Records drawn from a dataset
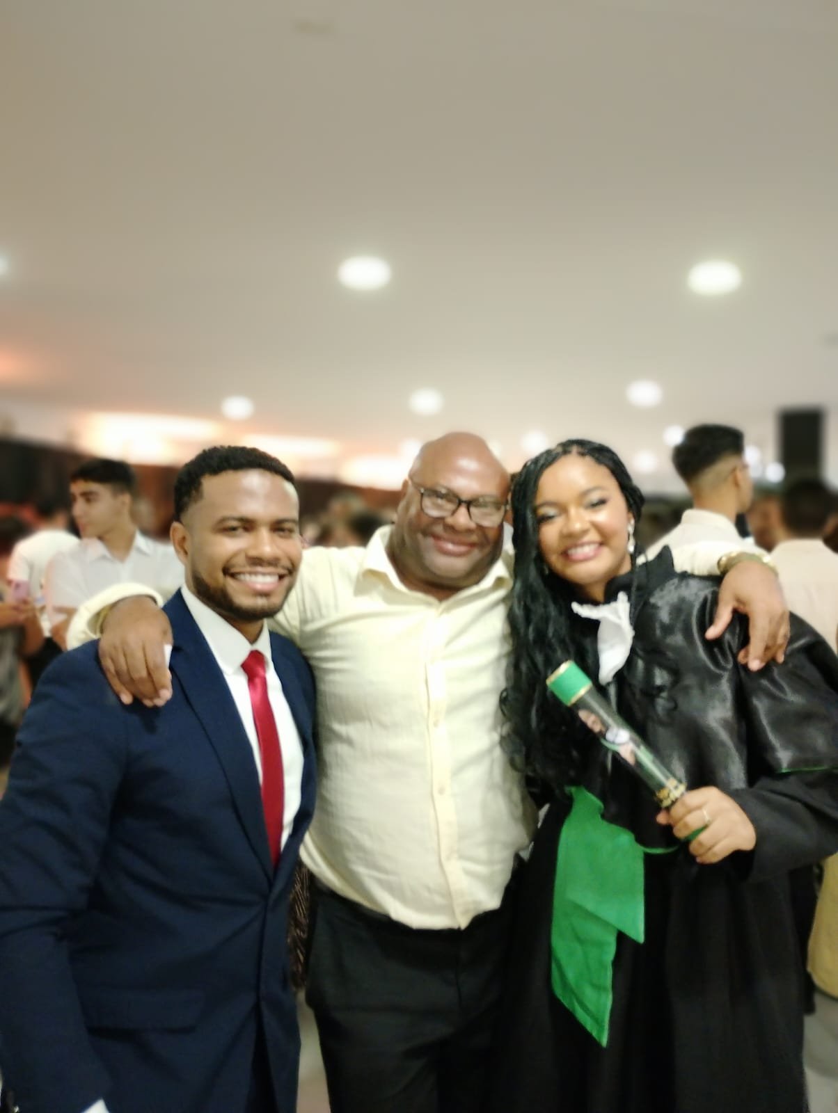 Nas mesas, a base sólida da família Silva Santos formava um mosaico de apoio e celebração: a avó Diva, os tios Edimilson, Ocsicnarf, Cleidson e Dinha, ao lado da mãe corajosa, Ana Célia, e da madrinha e tia Anatalia, partilhavam o júbilo da conquista.
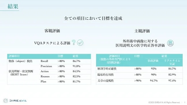Direava(ディリーバ)はNEDOと経済産業省が実施する「GENIAC」の一環として、手術状況をリアルタイムに理解し、対話する国内初の外科特化型生成AI(Surgical VLM)を開発した。
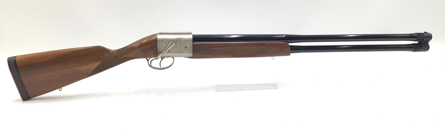 Bretton Double Barrel Sliding Breech 12Ga Shotgun 27.5" Barrels Wood Stock. A truly unique shotgun! Double triggers, fixed chokes. This is a non-restricted firearm.
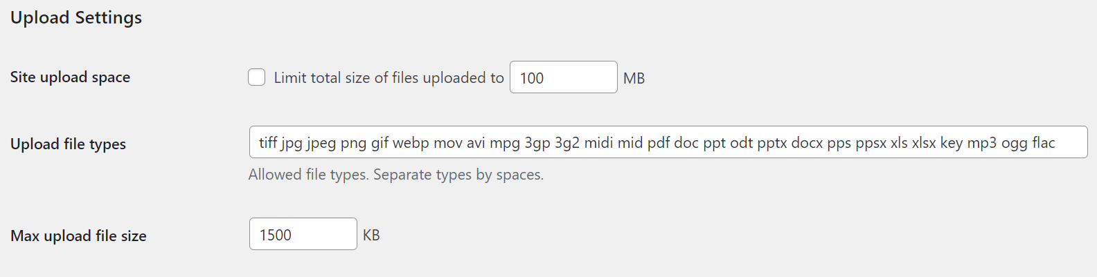 The Upload Settings section on the WordPress Multisite dashboard
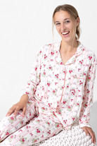 A soft two-piece pajama set cut from breathable bamboo fabric with a sweet floral stripe print. The Bellabu Bear Floral Stripes Bamboo Women's Pajama Set includes a button-front, long-sleeve top and coordinating long pants for easy layered comfort. Lightweight and silky to the touch, this set is ideal for cozy nights and relaxed mornings. The romantic floral detail and piping trim give it a charming, feminine look.
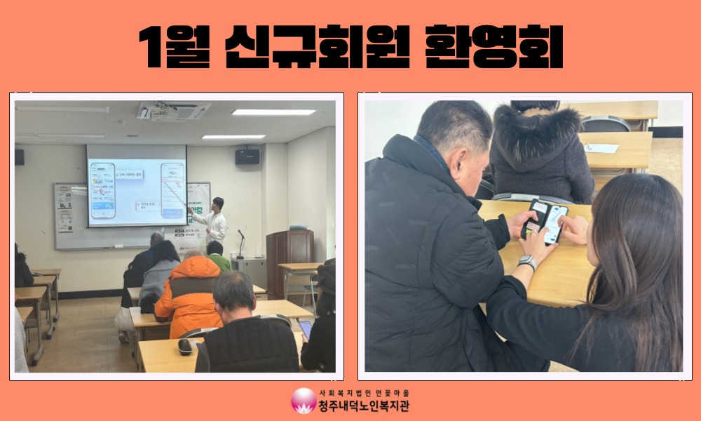 1월 진행된 신규회원환영회에서는 청주내덕노인복지관에서 진행되는 다양한 사업에 대한 운영 및 이용방법과 현재 진행 예정인 주요 일정에 대해 안내하며 질의응답을 통해 신규회원들의 궁금증을 해소할 수 있는 시간을 가질 수 있었습니다
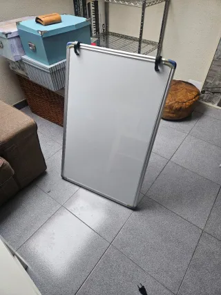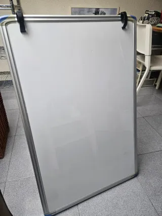 Pizarra magnética con marco de aluminio. - Superficie blanca. - Ideal para presentaciones o notas.
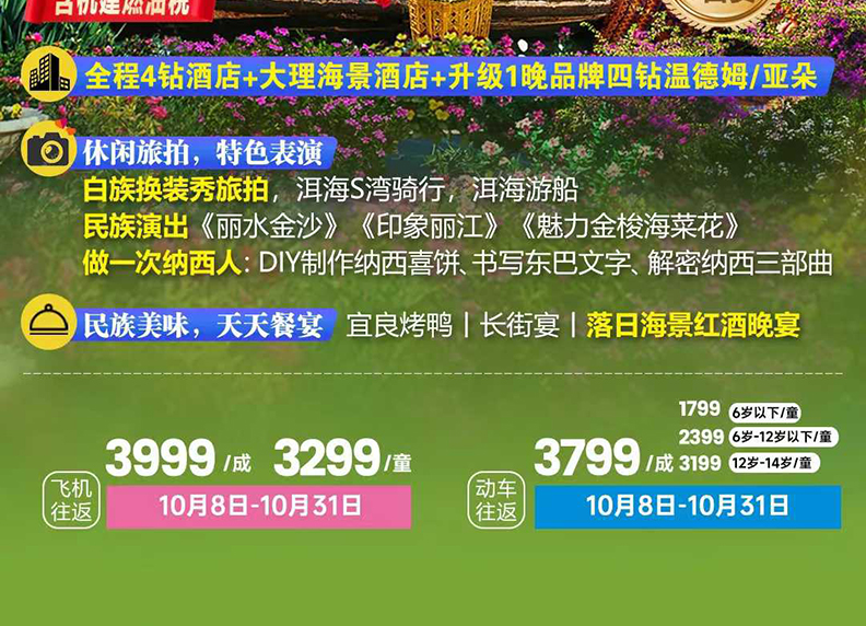 13岁-14岁以下价格含往返动车儿童票+导服+旅游车位+正餐;含床位和早餐,含门票。

:: Problem requirements ::
Would you please reproduce the entries above, starting at the line with "Direava(ディリーバ)" and stopping after the line with "The Upload Settings"? Omit any pictures.

:: Written solution ::
Direava(ディリーバ)はNEDOと経済産業省が実施する「GENIAC」の一環として、手術状況をリアルタイムに理解し、対話する国内初の外科特化型生成AI(Surgical VLM)を開発した。
 Bretton Double Barrel Sliding Breech 12Ga Shotgun 27.5" Barrels Wood Stock. A truly unique shotgun! Double triggers, fixed chokes. This is a non-restricted firearm.
 The Upload Settings section on the WordPress Multisite dashboard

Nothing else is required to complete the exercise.